Modeling, Standards and the Test Engineer

Alignment to ISO/IEC/IEEE standards applicable to the test domain has been a key principle of my work.  This alignment does not “add” tasks to the “as is” state of the test engineering domain, but it does restructure domain artifacts (i.e., test plan, test specification, test design specification, test case specification, test procedure specification) and the sequence of some of the tasks (early engagement in setting stakeholder expectation and concurrence for system acceptance test), as well as re-instantiating tasks (describing the verification method beyond inspection, analysis, demonstration and test) frequently over-looked.   Focus has been brought on a key task within the test sub-process area supporting verification of requirements at the acceptance level of test.  An exemplar under development typifies production and acceptance by all stakeholders of a requirement’s acceptance criteria beginning in the proposal phase with the key requirements of the proposed system.  This methodology is not a new concept, but rather a revitalization of a time proven practice.  In A. Wayne Wymore’s seminal work “Model Based Systems Engineering”, Mr. Wymore emphasizes the importance of the ‘System Test Requirement’ as an element of the ‘System Design Requirement’ in his system modeling formalism.  My emphasis is also consistent with guidance for Section 4 Verifications of a System Requirements Document provided by MIL-HDBK-520A and MIL-STD-961E.  The recommended practice goes beyond simply applying a verification method kind to a requirement in the Verification Cross Reference Matrix (VCRM)[i].  It requires the creation of a baseline concept for the test requirement / method, principally by defining an abstract set of acceptance criteria in the form of a test objective specification (e.g., a test requirement).  This forms the basis for a test design specification which is ultimately realized by a concrete test case specification.

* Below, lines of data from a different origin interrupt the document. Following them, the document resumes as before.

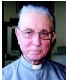
謝維道神父 意大利羅馬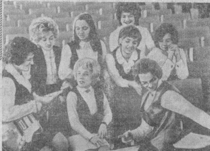
На снимке: участники вокального ансамбля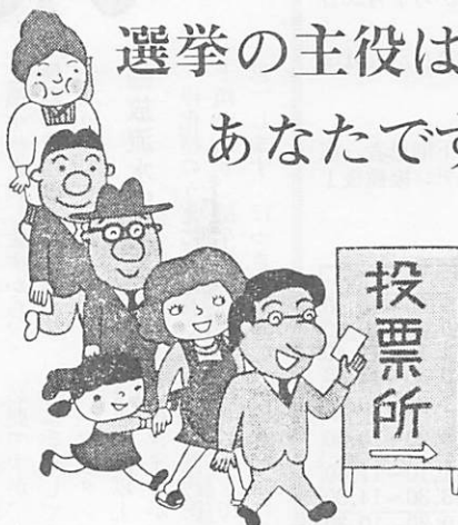
投票所入場券の配布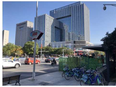
黄河路口,不少共享单车停放在施工围挡外。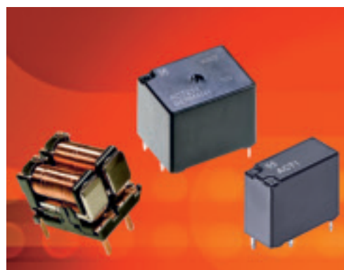
Das ACT-Relais – ein universelles Automobilrelais

Der Schaltaktor muss ein Relais enthalten, das über die Busleitung ansteuerbar und die zu schaltende Last zuverlässig und oft ein-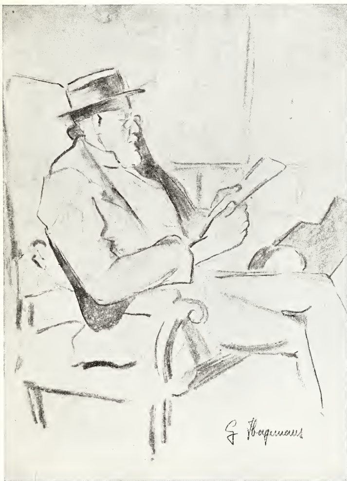
== == CROQUIS, PAR M lle GERMAINE HAGEMANS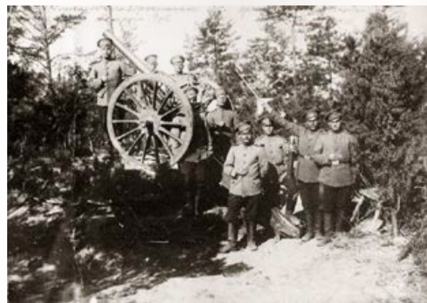
Зенитный расчет. Ломжская губерния Царства Польского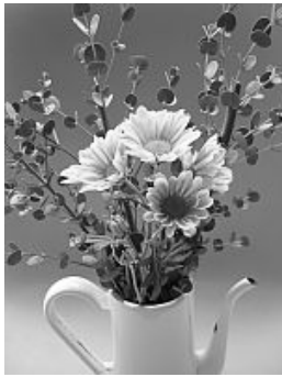
スプレー菊 スプレー(Spray)とは先が分かれた枝との意味で、小枝の先に多数の花を付けます。

At the system’s SRR each requirement is associated with a concept for its verification test case.  A test case is ‘named’ and ‘described’ by its test objective.  This strikes a test specification baseline for the test system at SRR.


The maturation stage of the test specification is at SFR.  The elements required to implement a test are described for the test context owning the test case.  This forms the basis for the test architecture associated to the requirement.


Another principle motivating this work is to drive the engagement in product development of the test engineering domain much earlier in the lifecycle of the system of interest than has been the typical practice, in my experience.  An example of the concept is to treat work product inspections as a “Test Case” and incorporate the test case execution in the test body of evidence.  This is a concept currently in use in the European software development community.  The intent is to dramatically influence and thereby reduce the accumulation of technical debt in all of its forms.

Early test engineering effort of this nature are not typical, in my personal experience, but my research and experiences suggest they hold promise for a substantive ROI. Setting the test system’s technical baseline and the test architecture it is responsible for early in the project aides in setting the expectation with stakeholders.  Early setting of the baseline supports managing changes in scope and offers an opportunity to incrementally refine expectations and thereby enhance the probability of a satisfied customer stakeholder at acceptance testing.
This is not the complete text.